=== Section Start ===
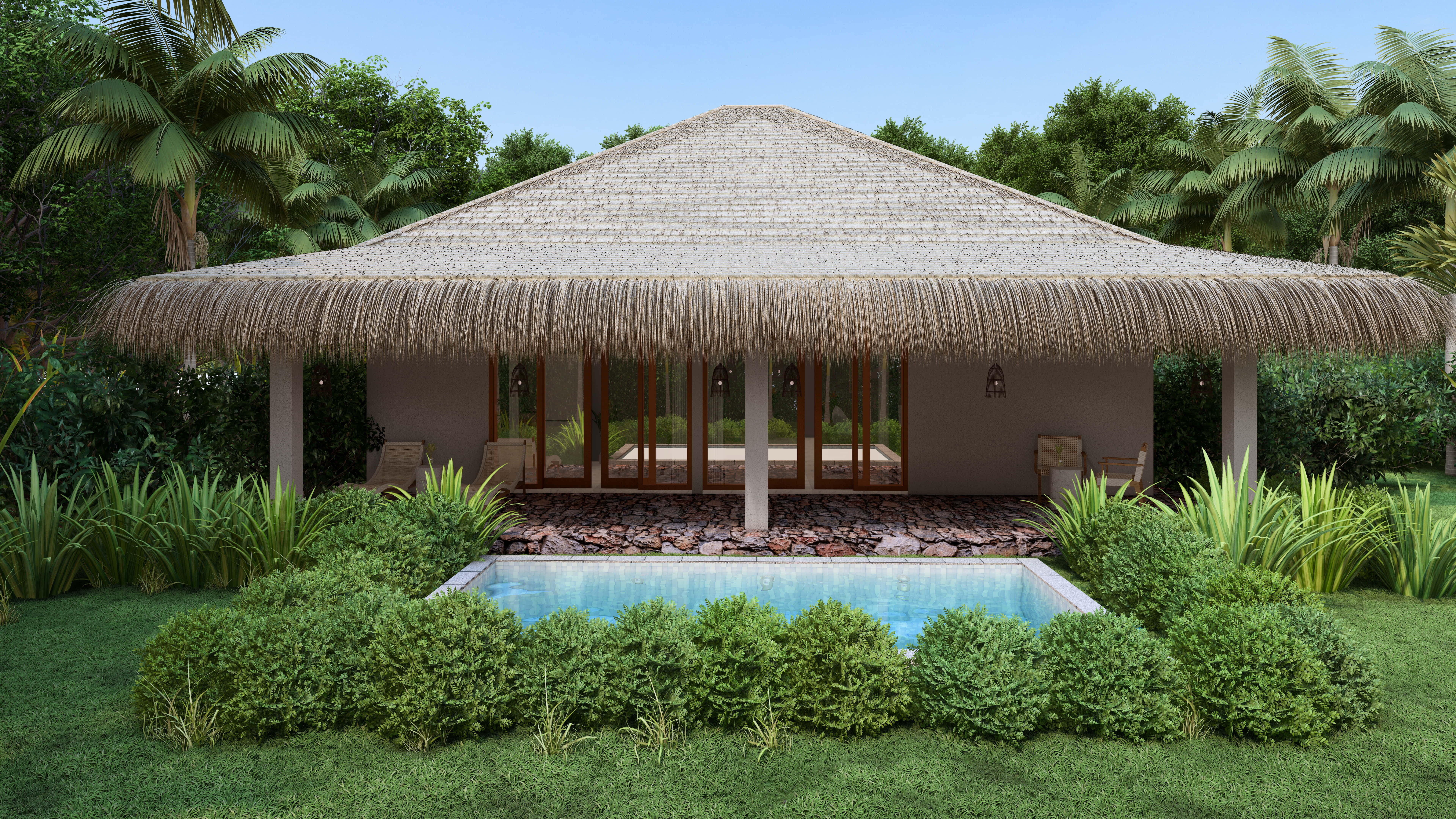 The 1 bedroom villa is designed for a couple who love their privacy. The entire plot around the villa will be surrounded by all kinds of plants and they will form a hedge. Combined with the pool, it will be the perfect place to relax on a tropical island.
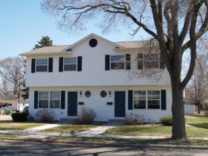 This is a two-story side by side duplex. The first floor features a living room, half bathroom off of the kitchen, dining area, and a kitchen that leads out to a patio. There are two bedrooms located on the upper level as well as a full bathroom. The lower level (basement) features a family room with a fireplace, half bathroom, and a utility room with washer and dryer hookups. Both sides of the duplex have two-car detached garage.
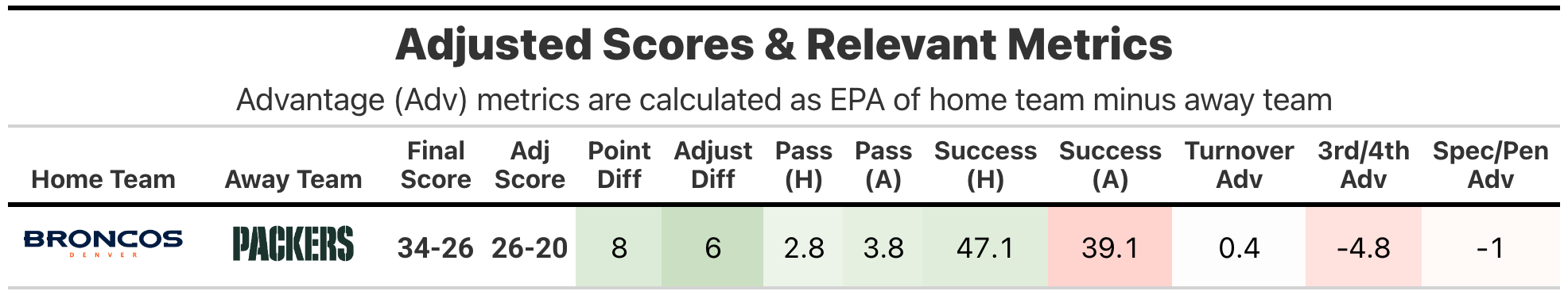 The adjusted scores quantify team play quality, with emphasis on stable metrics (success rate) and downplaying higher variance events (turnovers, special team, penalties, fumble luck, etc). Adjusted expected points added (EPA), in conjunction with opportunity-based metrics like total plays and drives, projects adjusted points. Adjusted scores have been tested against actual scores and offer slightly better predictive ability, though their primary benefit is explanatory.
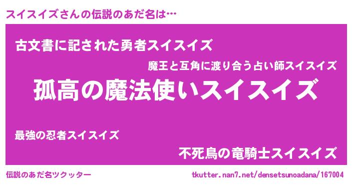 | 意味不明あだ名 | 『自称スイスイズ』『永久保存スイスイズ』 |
=== Section End ===
TRY IT: Keep the pictures out and transcribe the listing exactly.

EXERCISE OUTPUT:
 The 1 bedroom villa is designed for a couple who love their privacy. The entire plot around the villa will be surrounded by all kinds of plants and they will form a hedge. Combined with the pool, it will be the perfect place to relax on a tropical island.
 This is a two-story side by side duplex. The first floor features a living room, half bathroom off of the kitchen, dining area, and a kitchen that leads out to a patio. There are two bedrooms located on the upper level as well as a full bathroom. The lower level (basement) features a family room with a fireplace, half bathroom, and a utility room with washer and dryer hookups. Both sides of the duplex have two-car detached garage.
 The adjusted scores quantify team play quality, with emphasis on stable metrics (success rate) and downplaying higher variance events (turnovers, special team, penalties, fumble luck, etc). Adjusted expected points added (EPA), in conjunction with opportunity-based metrics like total plays and drives, projects adjusted points. Adjusted scores have been tested against actual scores and offer slightly better predictive ability, though their primary benefit is explanatory.
 | 意味不明あだ名 | 『自称スイスイズ』『永久保存スイスイズ』 |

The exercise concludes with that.